So far, the feedback I have received on riding 250 is:
One vote for yes, let's ride it.
Three votes against it.
I've also recently learned that plans have been put in the works to build a paved trail along 250 in the exact section that I've ridden (between McIntire Rd. and Hydraulic). My initial thought on that is that it is not a better option for cyclists than simply riding on the road itself. One of the main reasons for that thinking is that there are at least two on/off ramps. I've heard the trail plans include a stop signal of some sort that will allow pedestrians and cyclists to cross those ramps. This will impede the smooth flow of traffic that everyone is already used to, not only out of practice, but that is what on/off ramps are for, to keep the traffic moving smoothly. A cyclist riding in the lane will not impede the traffic as long as they are moving forward in a controlled, predictable manner.
Today I rode to the same destination as when I rode 250 previously. However, I did not use 250. I took a different route in which I crossed 250, and it took me 32 minutes, the same or less amount of time it would have taken had I used the bypass. That is a viable argument against using 250. However, I contend that I'm not necessarily safer going this other route. Plenty of accidents occur between cyclists and cars where speed is not the main factor.

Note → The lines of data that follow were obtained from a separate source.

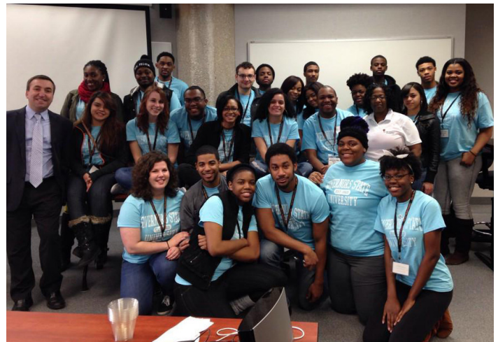
Orientation Leaders getting ready for the January Transfer/Graduate Orientation!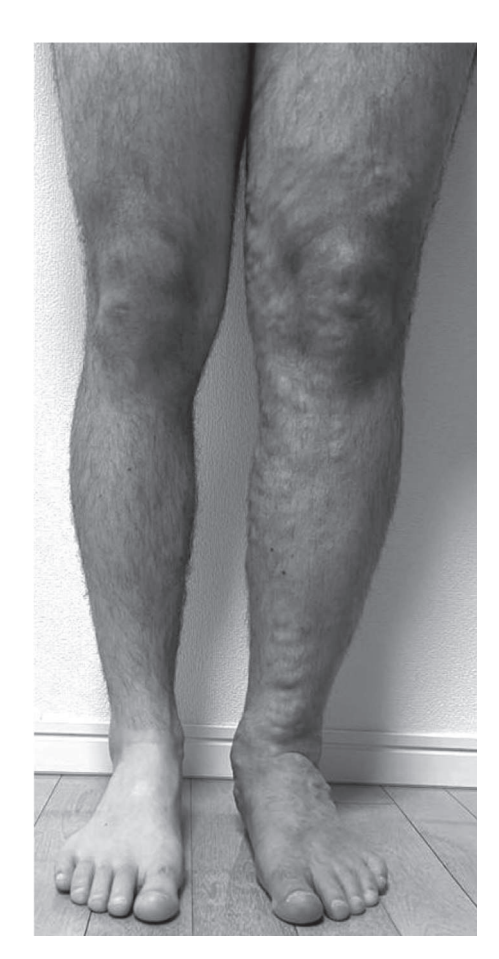
Figure 1. Edematous left lower extremity.

Differential diagnosis of chronic edema of the lower extremities includes lymphedema, myxedema, renal insufficiency, heart insuf-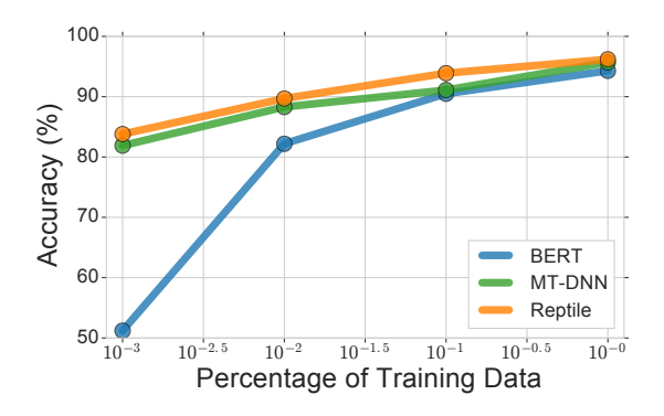
Figure 2: Results on transfer learning. The target task is SciTail which the model does not come across during the meta-learning stage.

development sets are shown in Table 3. We find that setting k to 5 is the optimal strategy and more or fewer update steps may lead to worse performance.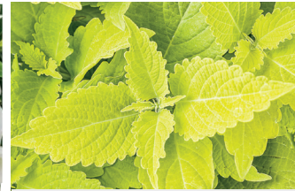
ColorBlaze® Lime Time® Solenostemon This large-sized coleus shines in containers and landscapes; complements every other color in combinations. Zones 10-11. Sun-shade. Height: 24"-40".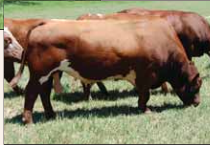
CF Solution, sire of Lot 1.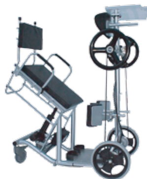
STAND-UP ETM "with powered elevation and traction"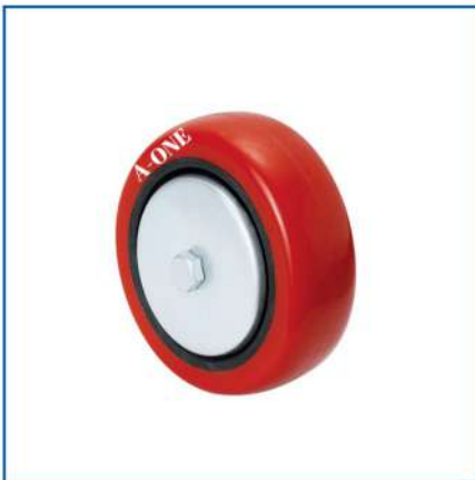
RED PU WHEEL

A ONE CASTER is a trusted manufacturer and exporter of premium industrial material handling trolleys and caster wheels . Specializing in high-quality, durable products, we cater to a diverse range of industries across the globe. As an established OEM supplier , we also provide custom solutions tailored to the unique needs of our clients. With years of expertise in the field, we are committed to offering reliable and cost-effective solutions for material handling challenges in industrial environments.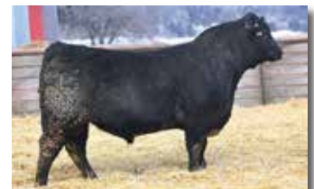
DE-SU VOLUTEER B122 SERVICE SIRE FOR LOT 40

Consigner: Blue Mound Angus Sheldon Swartzentruber 417-327-5885 Sired by SydGen KCF Gavel the $240,000 valuation sire at SydGen. This heifer has a ratio of 104 at weaning and 111 at yearling. Top 5% for $C, $B, and CW. Bred on 4/3/23 to DE-SU Volunteer B122 and will be examined safe to calve 1/10/24.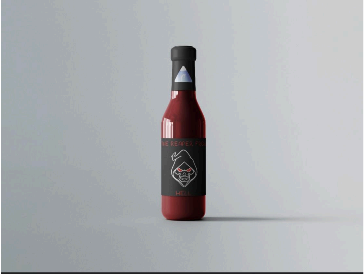
Figure 7: Hot Sauce Bottle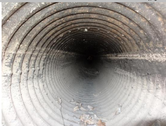
LS view: inside view of CMP on levee slope. Looks clean and clear.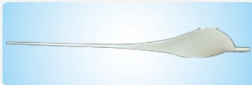
Blade side view

Patented aerofoil 5 blade design with true symmetrical and twisted aerodynamic design which ensures rotor capture maximum power from wind ( C_p > 0.35 in low wind) and operates in amazingly low noise and minimal vibration.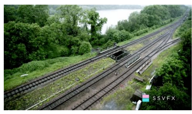
GCR at Mountsorrel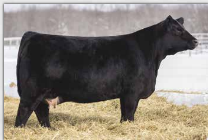
TNGL A Gemstone A527 - Dam of Lots 1 to 1D

Lots 1 & 1A: Top of the food chain here. These two Bet On Red's will give some serious contention wherever they land. I'm not sure how to differentiate between the two except one is a January and one is an April. Sleek modern and enough gas to go the distance!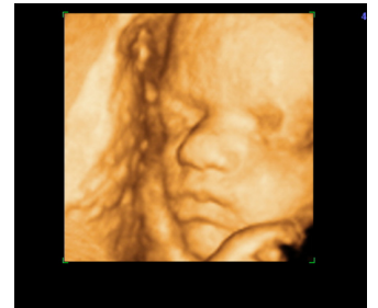
coming soon... 4d images!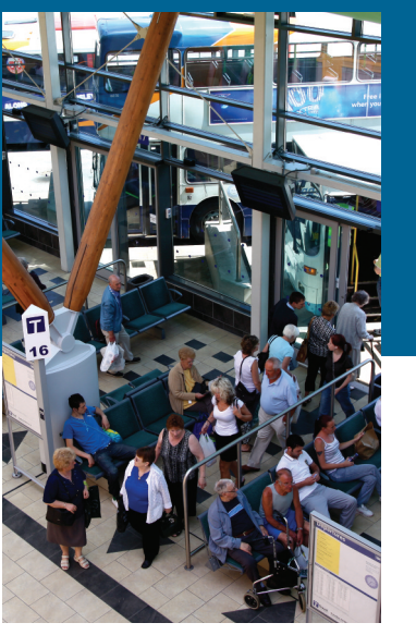
What is travel training?

The aim of a travel programme is to enable people with a learning disability to develop a range of skills and build confidence to travel either supported or unsupported to college, work placements and in the wider community using appropriate methods of public transport confidently and safely.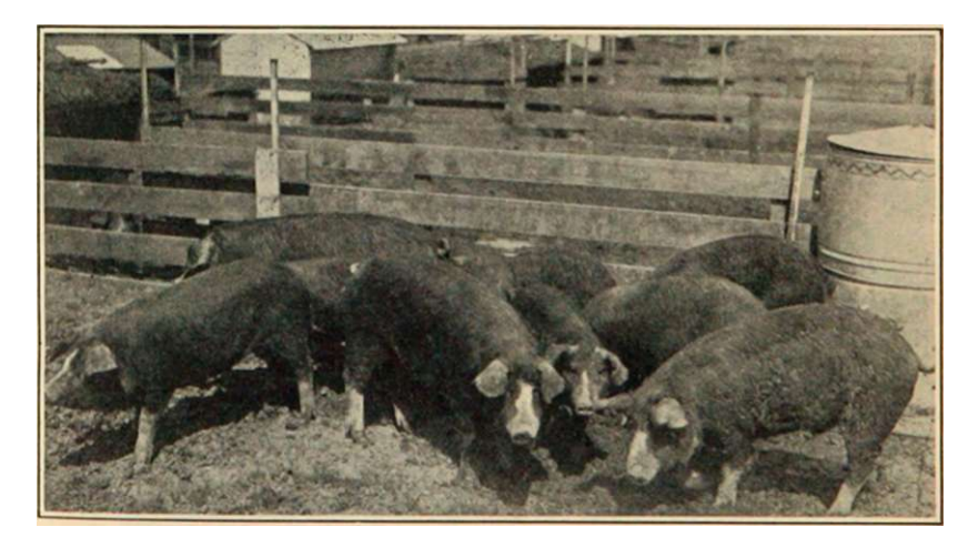
Pigs fed ground corn and ground millet without a protein supplement. They gained .60 pound daily at a cost of $9.76 for each hundred pounds gain.

Non-irrigated Eastern Colorado at present lacks a universal home-grown protein supplement comparable to alfalfa or clover in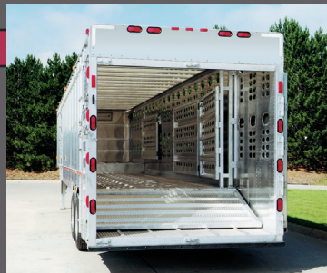
Full Swing Door with Full Width Ramp for Straight-Through Loading and Unloading.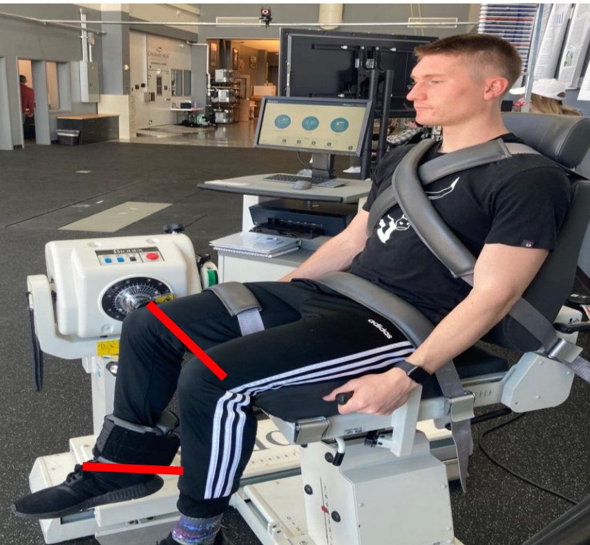
Figure a. The Biodex was fitted for each participant so that the rotation axis of the dynamometer was lined up with the lateral epicondyle of the dominate legs femur. The leg attachment was adjusted so that the bottom of the ankle pad was at the participants superior border of the medial malleolus. Additionally, straps were attached to the trunk, hip, and dominant thigh to reduce compensatory movements.

The study included six male division II collegiate short and long sprinters (100-400m) (Age 20 \pm 1.25 years, height 180 \pm 5.6 cm, and body mass 74 \pm 8.96 kg) who were in-season and had no prior experience with the Biodex. Subjects completed a crossover design under all three conditions one week apart at the same time on the same day of the week. The sessions began with a 10-minute acclimatization period sitting at room temperature (23°C), before beginning their randomly selected treatment. Preheating consisted of a moist heat pack (69°C) wrapped in a cover (~5 towel layers), and precooling consisted of an ice bag (1000mL), wrapped in a singular moist towel (0°C), both treatments were applied directly to the middle hamstrings for 20 minutes. Testing consisted of 3 sets of 3 maximal isokinetic knee extension and flexion repetitions at 180 degrees per second with 30 seconds of rest between sets to measure peak torque during knee flexion.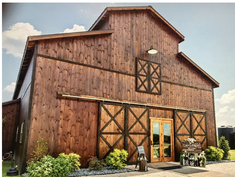
Texas RoadRunner Ranch

Head to Ferris, Texas, and you'll find the Texas Roadrunner Ranch . (It's also a short drive from Downtown Dallas.) Even if you're from the area, Texas RoadRunner refers to itself as a destination wedding venue and a romantic getaway. The family-run establishment has all the makings of a lovely ranch wedding venue, such as 100-plus acres of rolling hills, a rustic-chic venue barn, green pastures, a biergarten pavilion perfect for an outdoor wedding under the stars and a "Floating" Veranda fit for a romantic wedding ceremony on an island in the middle of a large pond.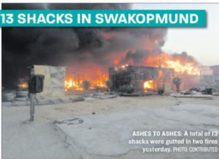
ASHES TO ASHES: A total of 13 shacks were gutted in two fires yesterday.

A total of 13 shacks were gutted in two separate fires in Swakopmund yesterday. No fatalities or injuries were reported, but about 16 victims - including four children - were affected by the first fire. According to Inspector Ileni Shapumba, police commander for community affairs in the Erongo Region, the first incident happened around 07:55 in Mondesa's Tulinawa near the intersection of Monica Geingos and Stefanus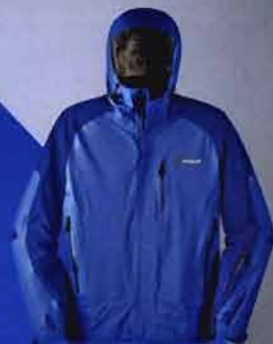
BIONIC COAT [PAGE 25]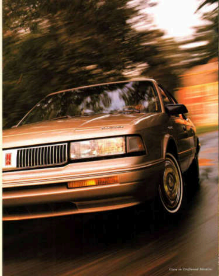
Car is Drifwood Model.

— We invite you to CONFIDE. Drive with other sedans in its class.

Again, I am not trying to brag or be controversial by discussing riding a bicycle on the 250 bypass. In fact, seeing a cyclist on it shouldn't even bring up those feelings. It is not an interstate. The posted speed limits (35 and 45mph) should not deter an experienced cyclist. There is room for lane sharing. In fact, if the middle dotted line was moved about a 1/2 foot over, there would be even more room for lane sharing. The main thing that makes it 'scary' is that many drivers speed on it. Does 'Bypass' mean 'go really fast,' or is it simply an alternate, more direct route to a destination?